To understand how this question arose in AIG's MBS case, we have to back up a few steps. It's no secret that in MBS litigation, there's no more potent defense than arguments that investors waited too long to file suit. It's a quick, clean way to excise big chunks of a plaintiff's case, particularly because federal securities claims, with exceptions for American Pipe tolling (if you don't know, don't ask), are generally time-barred after three years under the statute of limitations or the more-obscure-until-MBS-litigation statute of repose. That's why we've seen so many MBS plaintiffs -- including AIG and the satellite insurance companies that are also plaintiffs in its Countrywide suit -- assert state-law fraud claims in addition to federal securities claims.
New York has a notably generous six-year statute of limitations for fraud. It also has what's known as a "borrowing" provision to prevent forum shoppers from taking advantage of that big window for fraud claims. The provision isn't exactly a model of clarity, but it holds that other states' time limits generally apply unless "the cause of action accrued in favor of a resident of the state." You have to be a New York resident, in other words, to benefit from the state's statute of limitations.
Countrywide cited the borrowing statute in its initial motion to dismiss the state-fraud claims in the AIG case, arguing that the AIG co-plaintiffs that are not headquartered in New York are bound by the statutes of limitations in their home states. (The statutes Countrywide's lawyers at Reed Smith pointed to as appropriate alternatives to New York's six-year window bar fraud claims after three or four years.)
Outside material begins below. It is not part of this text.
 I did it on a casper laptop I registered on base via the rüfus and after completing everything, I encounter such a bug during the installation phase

But soon after that brief was filed on Feb. 27, Pfaelzer issued a decision in yet another Countrywide MBS case, Western and Southern Life v. Countrywide, that addressed the issue of forum shopping for an advantageous statute of limitations. Pfaelzer looked at New York's borrowing statute in the light of a 1984 ruling by the state's highest court, Wydallis v. United States Fidelity and Guaranty. She concluded that under Wydallis, a company is "resident" in New York -- and thus able to take advantage of the generous statute of limitations -- when it is incorporated in New York, even if its headquarters are elsewhere.
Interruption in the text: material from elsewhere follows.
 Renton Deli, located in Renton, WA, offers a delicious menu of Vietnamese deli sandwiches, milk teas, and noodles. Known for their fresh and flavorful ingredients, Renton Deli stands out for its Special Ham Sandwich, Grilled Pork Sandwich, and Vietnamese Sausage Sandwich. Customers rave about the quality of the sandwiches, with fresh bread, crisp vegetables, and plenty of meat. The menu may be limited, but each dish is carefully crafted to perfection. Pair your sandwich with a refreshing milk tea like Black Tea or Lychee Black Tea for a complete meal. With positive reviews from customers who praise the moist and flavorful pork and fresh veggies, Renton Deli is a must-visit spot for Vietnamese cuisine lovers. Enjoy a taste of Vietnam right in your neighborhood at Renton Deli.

The judge invited Countrywide to submit a supplemental motion to dismiss the AIG case, addressing Wydallis. Countrywide's brief in response to that invitation extended Pfaelzer's reasoning: If New York incorporation means that a company is a New York resident, its brief argued, then companies incorporated outside of the state are not residents. AIG is incorporated in Delaware, the bank said. So it should be bound by Delaware's three-year fraud statute of limitations -- even though its headquarters and base of operations is in Manhattan.
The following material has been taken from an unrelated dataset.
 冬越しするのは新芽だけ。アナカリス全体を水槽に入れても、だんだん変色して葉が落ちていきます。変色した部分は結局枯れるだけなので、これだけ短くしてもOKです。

AIG's lawyers at Quinn Emanuel Urquhart & Sullivan haven't yet filed a response, and Michael Carlinsky of Quinn declined my request for comment. But I wouldn't be surprised if AIG argues that Countrywide's new theory would upend the expectations of New York businesses that have long operated with the expectation that they have up to six years to assert fraud, regardless of where they're incorporated. If Pfaelzer, whose statute rulings have usually favored Countrywide and its parent, Bank of America (see here and here, for example), endorses Countrywide's new interpretation of the borrowing statute, AIG is far from the only MBS plaintiff whose state-law fraud claims against Countrywide will be tossed. And if other judges agree, untold billions in New York fraud claims will be left on the table.
A Bank of America spokesperson declined to comment.